First, install Splash using the following command:

pip install scrapy-splash

Next, open the settings.py file in your project and add the following lines:

SPLASH_URL = 'http://localhost:8050/'
DOWNLOADER_MIDDLEWARES = {
    'scrapy_splash.SplashCookiesMiddleware': 723,
    'scrapy_splash.SplashMiddleware': 725,
    'scrapy.downloadermiddlewares.httpcompression.HttpCompressionMiddleware': 810,
}

SPIDER_MIDDLEWARES = {
    'scrapy_splash.SplashDeduplicateArgsMiddleware': 100,
}

DUPEFILTER_CLASS = 'scrapy_splash.SplashAwareDupeFilter'

Ensure that you have Splash running on your system. You can install and run Splash using Docker by running the following commands:

docker pull scrapinghub/splash
docker run -p 8050:8050 scrapinghub/splash

Modifying the Scrapy spider

Now, open the spider file javascript_spider.py located in the spiders directory. Update the spider’s start_requests method as follows:

import scrapy
from scrapy_splash import SplashRequest

class JavascriptSpider(scrapy.Spider):
    name = 'javascript_spider'
    allowed_domains = ['example.com']

    def start_requests(self):
        urls = ['http://example.com/page1', 'http://example.com/page2']
        for url in urls:
            yield SplashRequest(url=url, callback=self.parse, endpoint='render.html')

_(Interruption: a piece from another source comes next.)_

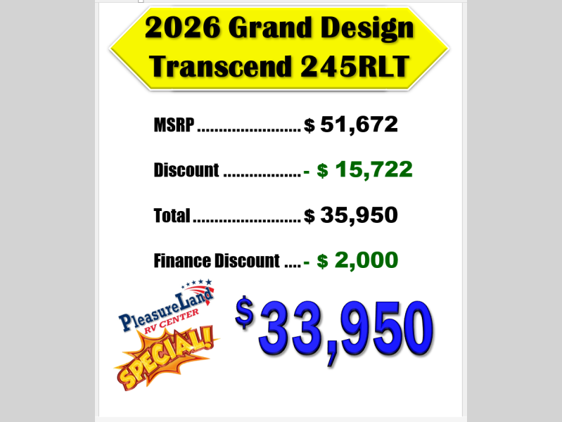 New 2026 Grand Design Transcend 245RLT Travel Trailer
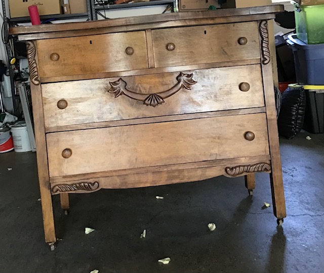 buffet sideboard has beautiful carvings and original hardware and is in great shape. The oak table is rare because of the dragon head pedestal legs and has been wrapped up for protection and a beautiful piece of furniture. The dresser is vintage and has a curved frame with mirror. The frame needs to be repair but overall in good shape.

    def parse(self, response):
        # Process the JavaScript-rendered page here
        pass

Replace example.com/page1 and example.com/page2 with the URLs of the pages you want to scrape.

Running the Scrapy spider

To run the Scrapy spider and start scraping the JavaScript-rendered pages, use the following command:

scrapy crawl javascript_spider

Scrapy will send requests to Splash, which will render the JavaScript and return the HTML content to Scrapy for further processing.

Conclusion

In this tutorial, we learned how to scrape JavaScript-rendered pages using Scrapy. We used the Splash middleware to enable JavaScript execution in Scrapy and modified the spider to send requests to Splash for rendering. Scrapy then processed the rendered HTML content to extract the desired data.

Scraping JavaScript-rendered pages can open up a whole new world of possibilities for web scraping. With Scrapy and Splash, you can easily scrape websites that heavily depend on JavaScript. Remember to use web scraping responsibly and always respect the website’s terms of use. Happy scraping!